Vice President of Research and Development at Codeplay Software
Michael Wong is the Vice President of R&D at Codeplay Software, and is Chair of the C++ Heterogeneous Programming language SYCL. Michael has extensive experience in parallel computing and high-performance computing.
Computer versus the Human Brain in Machine Learning
Inside a human brain, there are about10 billion neurons, each one of them can connect to 10,000 others, and from these connections come … everything. The human brain allows us to compose symphonies, create beautiful works of art, allows us to navigate our world, to probe the universe, and to invent technologies that can do amazing things. Now some of that technology is aimed at replicating the brain that created it: artificial intelligence. But has it even come close to what our brains can do? For ages, computers have done impressive stuff: they cracked codes, mastered chess, operate space crafts. But in the last few years, something has changed. Suddenly computers are doing things that seem much more human. Today, computers can see, understand speech, even write poetry. How is all this possible, and how far will it go? Can we actually build a machine that is as smart as us? One that can imagine, create, even learn on its own? How would a machine like that change society, more importantly how would it change us? And in this talk, we ask the question:
Can we build a brain? And if we could, should we?
State-of-the art machine learning systems typically depend on energetically costly gradient-descent learning over a curated task-specific data set. Despite their successes, these methods are not well suited to building fully autonomous systems such as energy-efficient accelerators targeted by OpenCL. By contrast, the brain uses low-energy local learning rules to discover the causal structure of an environment, forming semantically rich representations without supervision, and therefore exhibiting the required combination of efficiency and flexibility. To investigate these properties, a paradigm shift to dynamic "spike-based" computation is required. Historically, investigating spiking neural models has been a task for specialists, with software that is tailored to specific scientific projects, or that trades flexibility against performance. Here, we present Neurosycl, a high-performance, portable spiking network simulator based on SYCL, with a modern and extensible C++ API. Our aim is to provide the necessary components for non-specialists to build a simulated brain, and to run the constructed models as close to real-time as possible.
Programming Models for Self Driving cars with SYCL and Heterogeneous C++
When writing software to deploy deep neural network inferencing, developers are faced with an overwhelming range of options, from a custom-coded implementation of a single model to using a deep learning framework like TensorFlow or Caffe. If you custom code your own implementation, how do you balance the competing needs of performance, portability and capability? If you use an off-the-shelf framework, how do you get good performance? Codeplay has been building and standardizing developer tools for GPUs and AI accelerators for over 15 years.
This talk will explore the approaches available for implementing deep neural networks in software, from the low-level details of how to map software to the highly parallel processors needed for AI all the way up to major AI frameworks. This will start with the LLVM compiler chain used to compile for most GPUs, through the OpenCL, HSA and SYCL programming standards (including how they compare with CUDA), all the way up to TensorFlow and Caffe and how they affect the key metrics like performance.
SYCL is a Heteroegeneous C++ language that provides the building blocks for building such C++ libraries, where the gap between the hardware agnostic C++ features and the C++ abstractions of the hardware features can be bridged. SYCL has also been released as a free to download Community Edition called ComputeCPP to help you build higher abstractions for neural network, and machine vision, all leading to the ability to program self-driving cars.

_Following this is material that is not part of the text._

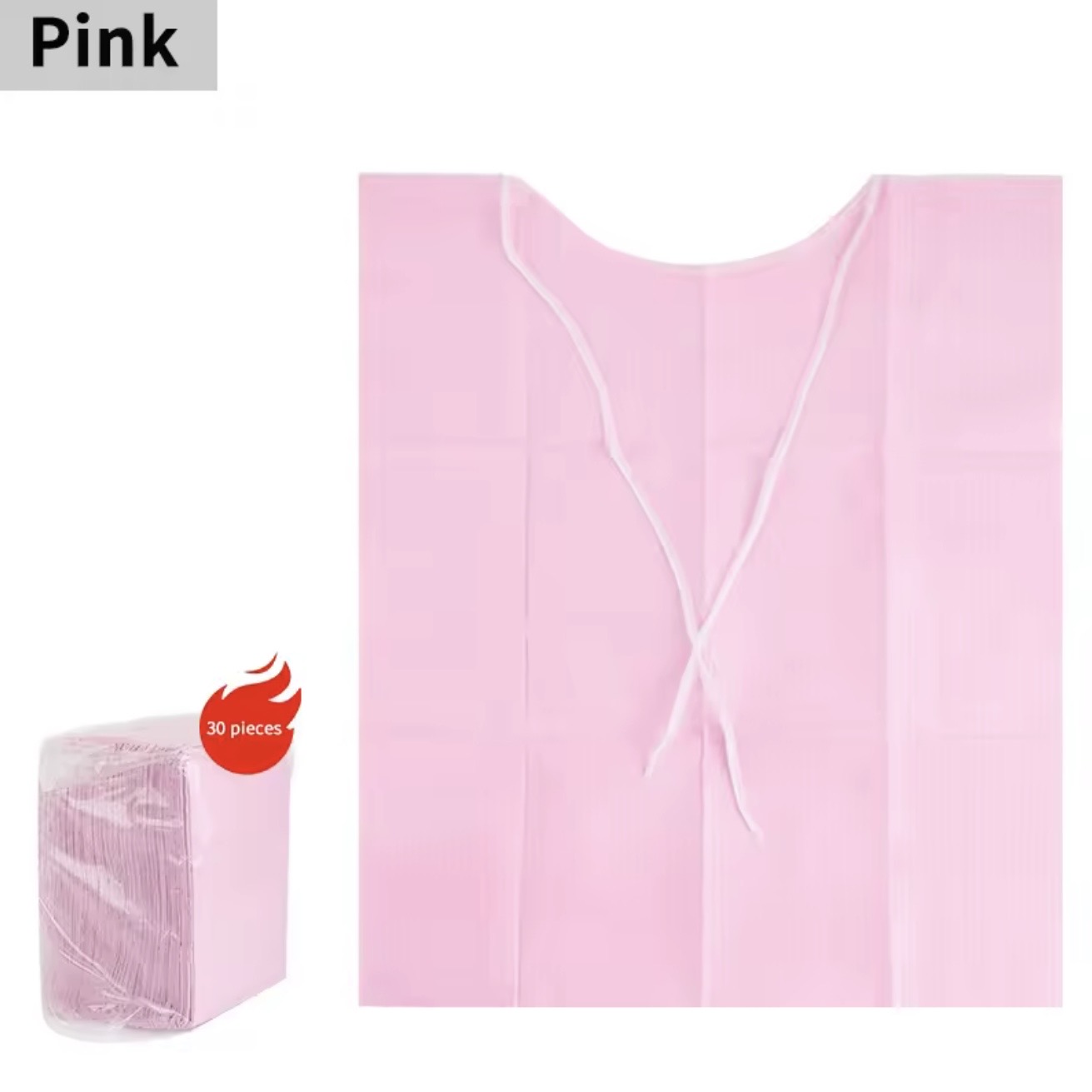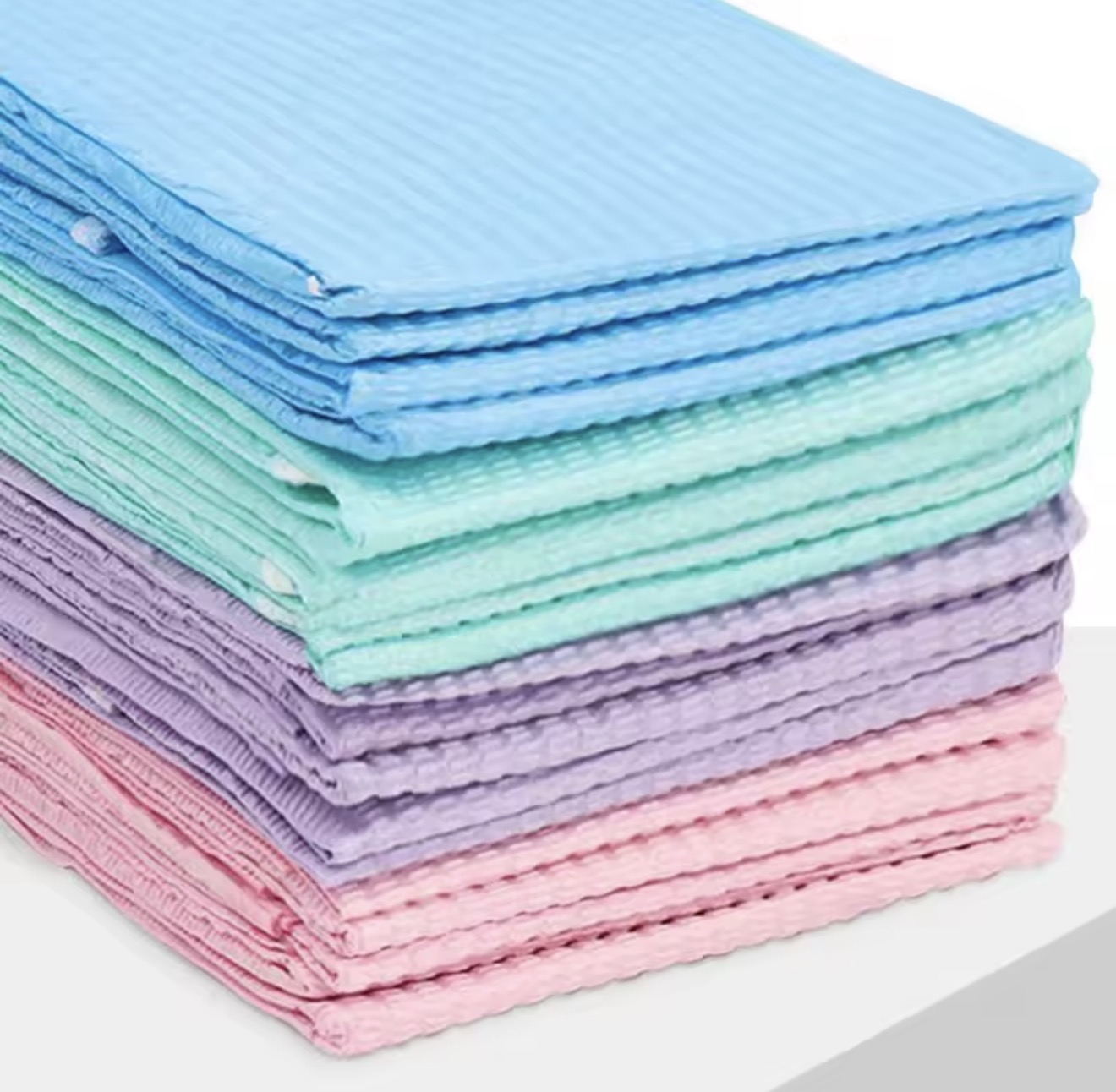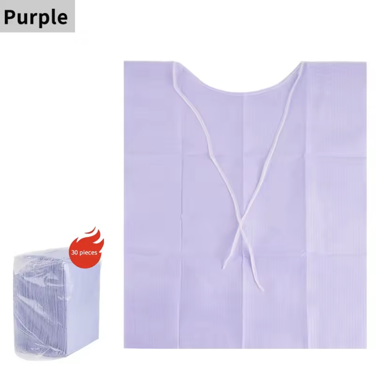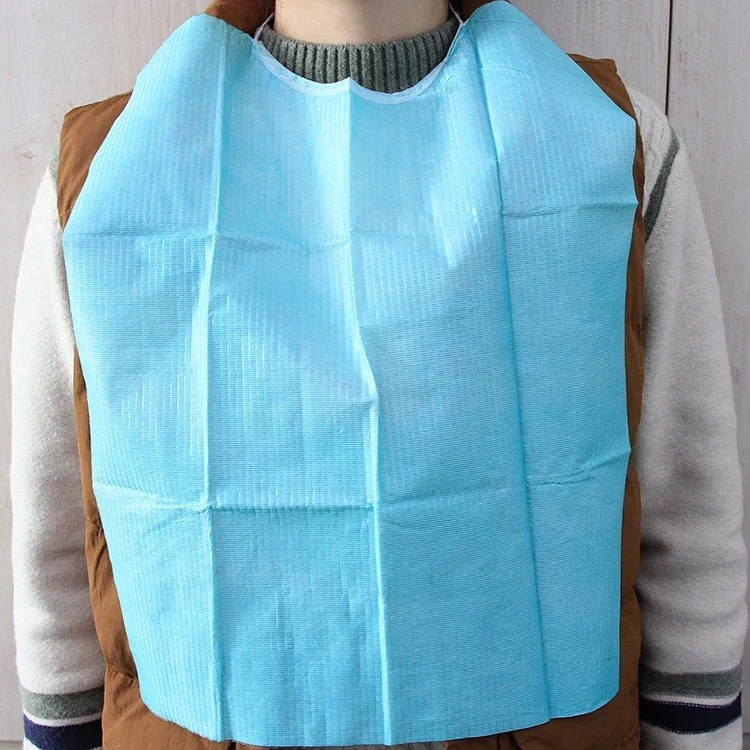 1.Disposable Bibs for Dental Clinics or Salons 2.Waterproof sheets keep fluids and spills off of the patient 3.Beautiful design with faint design on each bib 4.3 ply material designed to be more tear resistant 5.Each Bib has it's own laces to secure to patient Advantage: These Dental Bibs are large rectangles of thin waterproof material with a cutout for the neck and are held in place by inividual ties attached to each bib. Suitable for dental clinics and salons, each sheet is blue and has a faint print pattern on it. These bibs are aesthetically pleasing ano keep spills and fluids off of your patient during treatments such as cleaning, teeth whitening, and others. The material is 2 layers of tissue with 1 layer of plastic for waterproofing and designed to resist tears better than other thin dental bibs. Each bib has it's own individual tie as opposed to a reusable clip for convenience and hygiene. * Excellent waterproof with Belt and slight prints * Maximum protection with horizontal embossed pattern and a unique water repellent edge

As Chair of C++ Standard’s SG14 where the gamers, financial traders, and embedded device programmers have been demanding a heterogeneous programming model, I have been studying programming models that can show us learning experience that enables a future ISO C++ to support heterogeneous devices. The number is actually numerous. My search has brought me through SYCL, HPX, Agency, HCC, OpenMP, OpenACC, OpenCL, C++ AMP, Halide, CUDA, Kokkos, Raja and many others. Yet as performance and power-efficiency become the holy grail of modern C++ applications, the hardware solutions that deliver them differ greatly in architecture decisions and designs. The combination of CPUs, GPUs, FPGAs and custom domain specific hardware is gaining a lot of momentum. In view of this, C++ programming techniques and features are changing as well. Modern C++ standards are enabling more and more parallelism and heterogeneity in the library and language features. This talk will compare many of the most popular model in terms of their memory model, data movement, and execution abstraction.